*Data provided*:
==*==
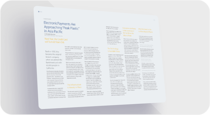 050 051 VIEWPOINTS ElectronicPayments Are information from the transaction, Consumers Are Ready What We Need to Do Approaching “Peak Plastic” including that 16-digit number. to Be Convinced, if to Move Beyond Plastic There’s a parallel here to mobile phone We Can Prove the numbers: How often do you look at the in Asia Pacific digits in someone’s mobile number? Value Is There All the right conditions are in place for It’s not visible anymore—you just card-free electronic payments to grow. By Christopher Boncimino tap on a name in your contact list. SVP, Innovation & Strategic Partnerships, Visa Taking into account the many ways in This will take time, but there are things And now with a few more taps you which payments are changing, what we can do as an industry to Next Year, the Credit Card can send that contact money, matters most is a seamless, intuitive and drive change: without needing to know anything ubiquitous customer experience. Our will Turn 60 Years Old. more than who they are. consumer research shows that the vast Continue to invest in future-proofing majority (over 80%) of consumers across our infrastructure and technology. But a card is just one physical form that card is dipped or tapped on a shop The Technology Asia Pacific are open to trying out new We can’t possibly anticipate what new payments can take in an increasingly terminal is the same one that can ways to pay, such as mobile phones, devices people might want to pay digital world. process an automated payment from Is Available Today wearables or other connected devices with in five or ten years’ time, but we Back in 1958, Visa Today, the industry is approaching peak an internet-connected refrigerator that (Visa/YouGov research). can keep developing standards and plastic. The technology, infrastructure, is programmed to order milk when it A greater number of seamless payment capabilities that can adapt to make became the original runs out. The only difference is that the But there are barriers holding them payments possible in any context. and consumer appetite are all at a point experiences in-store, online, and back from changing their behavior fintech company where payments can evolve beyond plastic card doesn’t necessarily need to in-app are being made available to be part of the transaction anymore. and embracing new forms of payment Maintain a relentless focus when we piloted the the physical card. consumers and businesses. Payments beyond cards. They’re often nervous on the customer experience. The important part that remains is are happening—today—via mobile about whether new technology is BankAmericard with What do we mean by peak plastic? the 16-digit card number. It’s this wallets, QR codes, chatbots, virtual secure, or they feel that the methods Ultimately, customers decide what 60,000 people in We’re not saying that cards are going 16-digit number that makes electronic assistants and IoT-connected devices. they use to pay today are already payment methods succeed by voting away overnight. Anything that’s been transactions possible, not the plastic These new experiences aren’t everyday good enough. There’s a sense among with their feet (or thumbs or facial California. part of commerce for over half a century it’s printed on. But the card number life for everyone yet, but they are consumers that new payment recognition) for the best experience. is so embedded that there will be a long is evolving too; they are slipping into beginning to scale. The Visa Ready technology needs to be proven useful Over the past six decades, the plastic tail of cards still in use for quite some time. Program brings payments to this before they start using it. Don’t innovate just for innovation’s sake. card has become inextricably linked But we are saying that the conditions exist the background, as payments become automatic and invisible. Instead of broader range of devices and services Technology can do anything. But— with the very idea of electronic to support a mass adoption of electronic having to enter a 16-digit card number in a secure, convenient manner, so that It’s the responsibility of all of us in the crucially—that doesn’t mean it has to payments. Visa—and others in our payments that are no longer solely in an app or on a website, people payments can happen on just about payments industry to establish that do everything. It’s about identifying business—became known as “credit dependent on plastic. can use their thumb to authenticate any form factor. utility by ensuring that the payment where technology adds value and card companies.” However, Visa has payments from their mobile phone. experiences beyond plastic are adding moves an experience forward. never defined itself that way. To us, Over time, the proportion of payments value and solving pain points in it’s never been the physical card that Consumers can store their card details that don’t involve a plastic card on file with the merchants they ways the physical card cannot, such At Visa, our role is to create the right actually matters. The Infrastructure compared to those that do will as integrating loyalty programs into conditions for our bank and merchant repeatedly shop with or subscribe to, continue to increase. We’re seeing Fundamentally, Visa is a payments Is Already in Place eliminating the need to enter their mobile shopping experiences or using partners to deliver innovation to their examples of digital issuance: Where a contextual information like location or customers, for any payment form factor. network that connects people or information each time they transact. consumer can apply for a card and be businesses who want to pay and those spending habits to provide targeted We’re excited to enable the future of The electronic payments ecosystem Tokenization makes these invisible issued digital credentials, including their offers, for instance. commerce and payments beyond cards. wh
==*==
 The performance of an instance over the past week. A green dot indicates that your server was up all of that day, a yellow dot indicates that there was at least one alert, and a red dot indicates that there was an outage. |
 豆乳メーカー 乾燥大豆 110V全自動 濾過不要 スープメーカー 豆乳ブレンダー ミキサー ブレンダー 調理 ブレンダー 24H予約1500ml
==*==
Take the stretch of lines above from the one containing "The performance of" through the one containing "豆乳メーカー 乾燥大豆 110V全自動" and repeat it exactly, adding no other line.

 The performance of an instance over the past week. A green dot indicates that your server was up all of that day, a yellow dot indicates that there was at least one alert, and a red dot indicates that there was an outage. |
 豆乳メーカー 乾燥大豆 110V全自動 濾過不要 スープメーカー 豆乳ブレンダー ミキサー ブレンダー 調理 ブレンダー 24H予約1500ml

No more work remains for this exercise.